From Hammersley's lines to Hammersley's trees
Anne-Laure Basdevant (MODAL'X), Lucas Gerin (CMAP), Jean-Baptiste, Gouere, Arvind Singh (LM-Orsay)

TL;DR
This paper introduces Hammersley's tree process, a stationary random tree model extending Hammersley's line process, which counts heaps needed for random permutations and grows logarithmically with permutation size.
Contribution
It constructs a new stationary random tree model with prescribed offspring distribution, extending Hammersley's process and linking it to heap counting in permutations.
Findings
Number of heaps grows logarithmically with permutation size
Model extends Hammersley's line process to trees
Provides a combinatorial interpretation for the process
Abstract
We construct a stationary random tree, embedded in the upper half plane, with prescribed offspring distribution and whose vertices are the atoms of a unit Poisson point process.
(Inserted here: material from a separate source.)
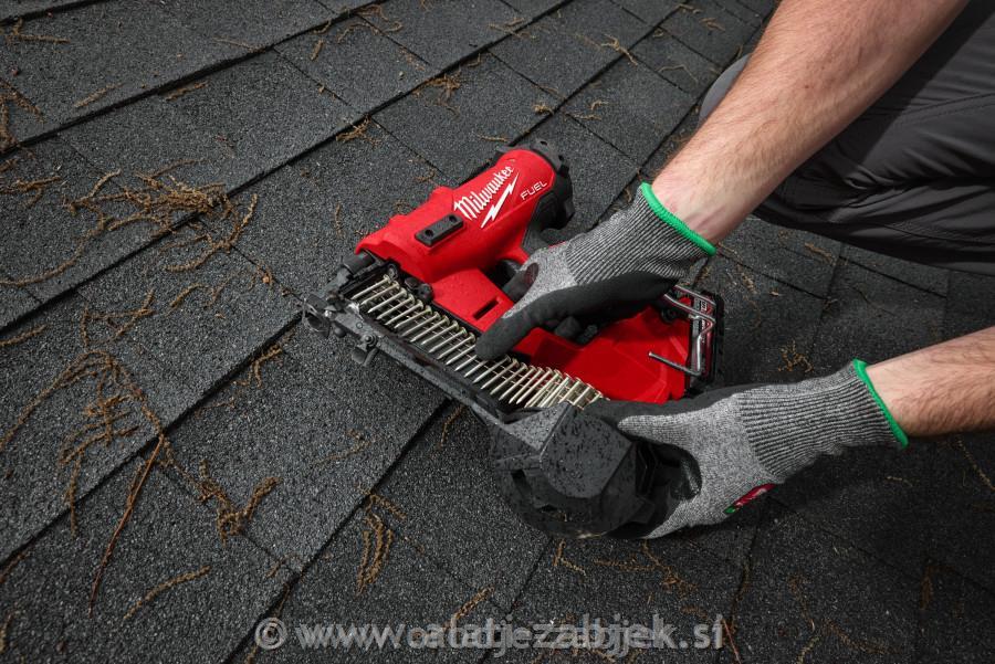 - M18 FUEL™ kolutni žebljar za strešne kritine prinaša inovacijo za strešne in zunanje izvajalce s povečano zmogljivostjo in najboljšim časom delovanja v svojem razredu.

This process which we call Hammersley's tree process extends the usual Hammersley's line process. Just as Hammersley's process is related to the problem of the longest increasing subsequence, this model also has a combinatorial interpretation: it counts the number of heaps (i.e. increasing trees) required to store a random permutation. This problem was initially considered by Byers et. al (2011) and Istrate and Bonchis (2015) in the case of regular trees. We show, in particular, that the number of heaps grows logarithmically with the size of the permutation.